Casper, Wy. (Feb. 24, 2004) -- In a twist on the trend toward outsourcing, newly launched firm Accountants In India finds accounting professionals in India to work directly for a U.S. firm, rather than shipping the work to anonymous workers abroad, according to its chief operating officer, CPA Wayne E. Harding.

"We help accounting firms find qualified staff at competitive prices," said Harding. Harding previously served as chief executive for AccTrak21, senior director of product strategy for CPA2Biz, and as vice president with Great Plains Software. "The American firm selects the employee from the resumes we have posted on our Web site, and the Indian employee works directly for that firm."
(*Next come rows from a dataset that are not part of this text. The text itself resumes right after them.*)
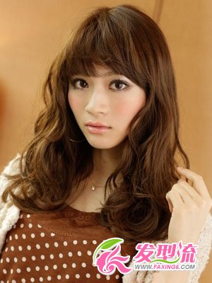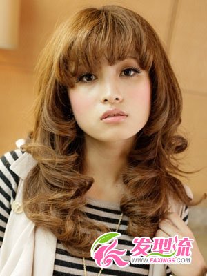 利用微卷发达到瘦脸的效果,是个明智的选择。将中长烫发随意的散落在肩上,散发迷人的气质。及眉的刘海长度减小了脸部面积,奶茶色染发在冬日让人感觉很是。齐刘海既减龄又不会过于成熟,很适合知性型女性哦!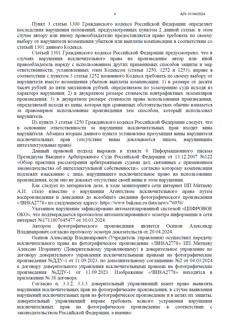 • Согласно закону, срок исковой давности начинает течь не с момента совершения нарушения, а с момента, когда правообладатель узнал или должен был узнать о нем. Мы предоставили суду доказательства, что о нарушении стало известно только 30 марта 2024 года в процессе целевого мониторинга. Суд полностью принял нашу позицию, отклонив довод Ответчика.
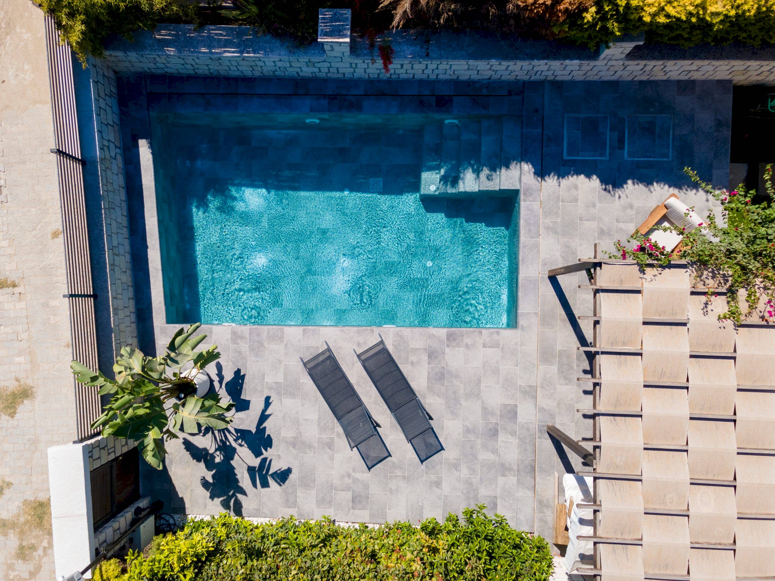 • Teras ile havuz etrafının bütünlüğünü tek tip porselen kullanarak tam bir bütünlük sağlandık.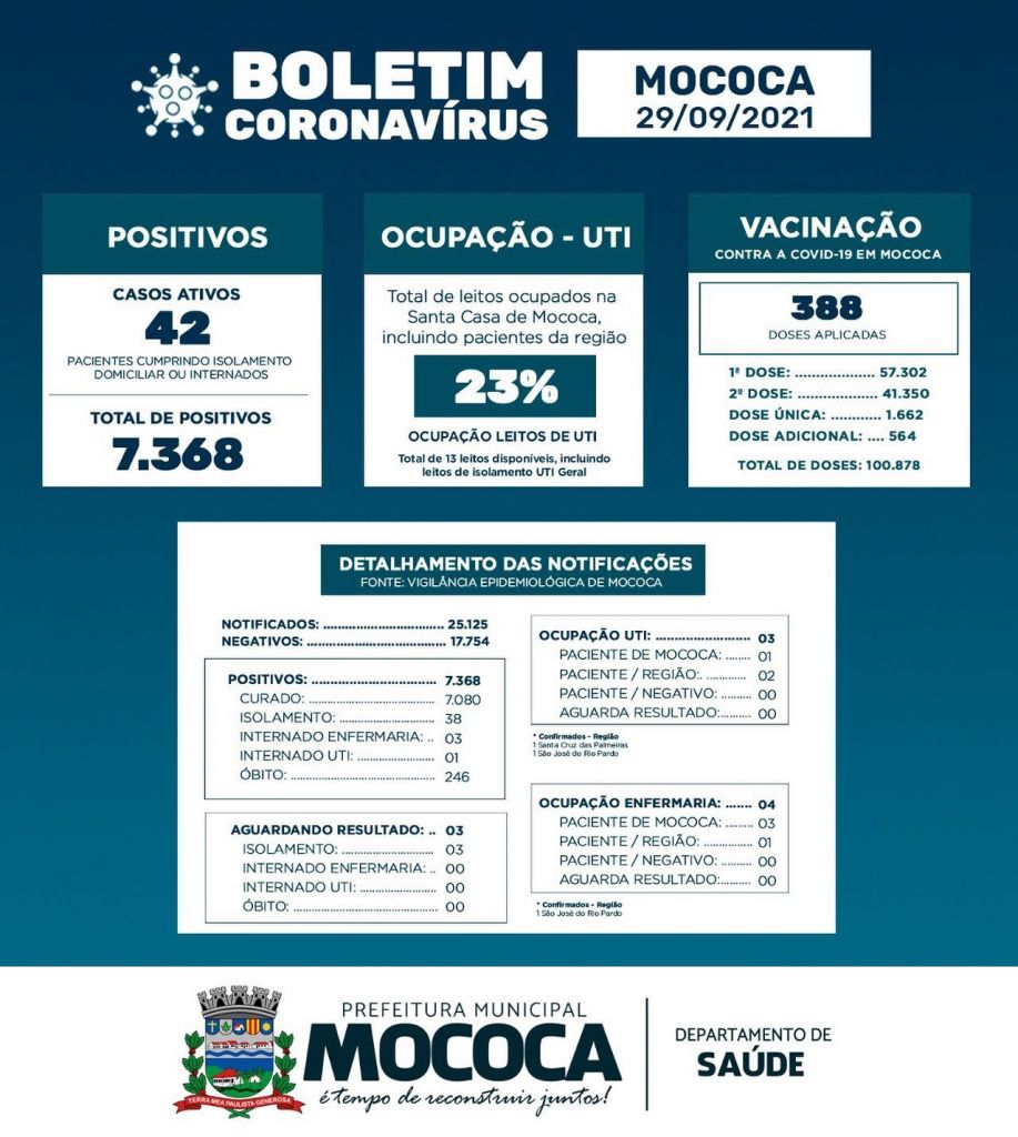 A Vigilância Epidemiológica recebeu a confirmação de dois novos casos de COVID e outros 73 exames foram testados negativos. A enfermaria está com quatro pacientes internados, sendo que um está aguardando resultado. A UTI está com índice de ocupação em 23% . Nesta quarta-feira foram aplicadas 388 doses de vacina contra o coronavírus no município.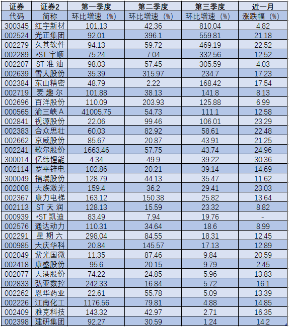 值得关注的是,一些公司不仅近三个季度业绩连续环比稳定增长,三季度净利润同比也实现增长,这类公司共有22家。其中业绩同比增长超过100%的公司有光正集团、大庆华科、星期六等9家,这些公司若近期的涨幅不大,是真正的盈利增长潜力股。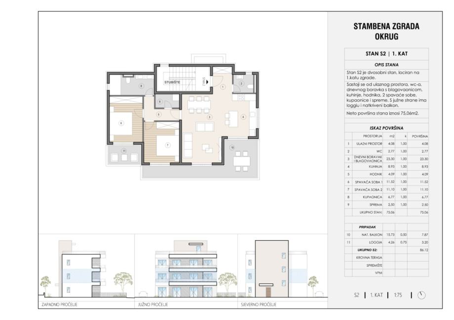 Stan S2 nalazi se u manjoj zgradi u izgradnji sa ukupno 3 stambene jedinice.

Harding said the idea to start AII took shape when AII's chief executive, K.C. Truby, was training accountants in QuickBooks. "He was amazed at the skill level and work ethic and eagerness to serve," said Harding. "We thought it would be great to combine what we have in technology with their skill sets and put it to work in a paperless office environment."

The Indian employee works directly for the U.S. firm on a quarter-time, half-time or full-time basis. The employee reports to work at a facility in Bangalore, India, owned by a local partner of AII. "Some of our Indian employees are sitting for the Chartered Accountant exam, but they all have at least a four-year degree in accounting from an Indian university, and one to five years of experience," said Harding.

Meanwhile, outsourcing continues to draw the attention of lawmakers concerned with the loss of American jobs and potential security issues. In a Feb. 19 letter, Senator Dianne Feinstein, D-Calif., called on the chief executives of Citigroup, Bank of America, Ernst & Young, Equifax and TransUnion to establish adequate safeguards to protect the security of the data they outsource to foreign countries.

"In my view, American companies that are outsourcing consumer data to foreign countries must assume responsibility for the data," Feinstein wrote. "American consumers simply do not have the resources or legal remedies to address misuse of their information by foreign companies or their employees."

Feinstein warned the chief executives that if they fail to establish adequate safeguards, she may introduce federal legislation to protect Americans' personal data when used abroad.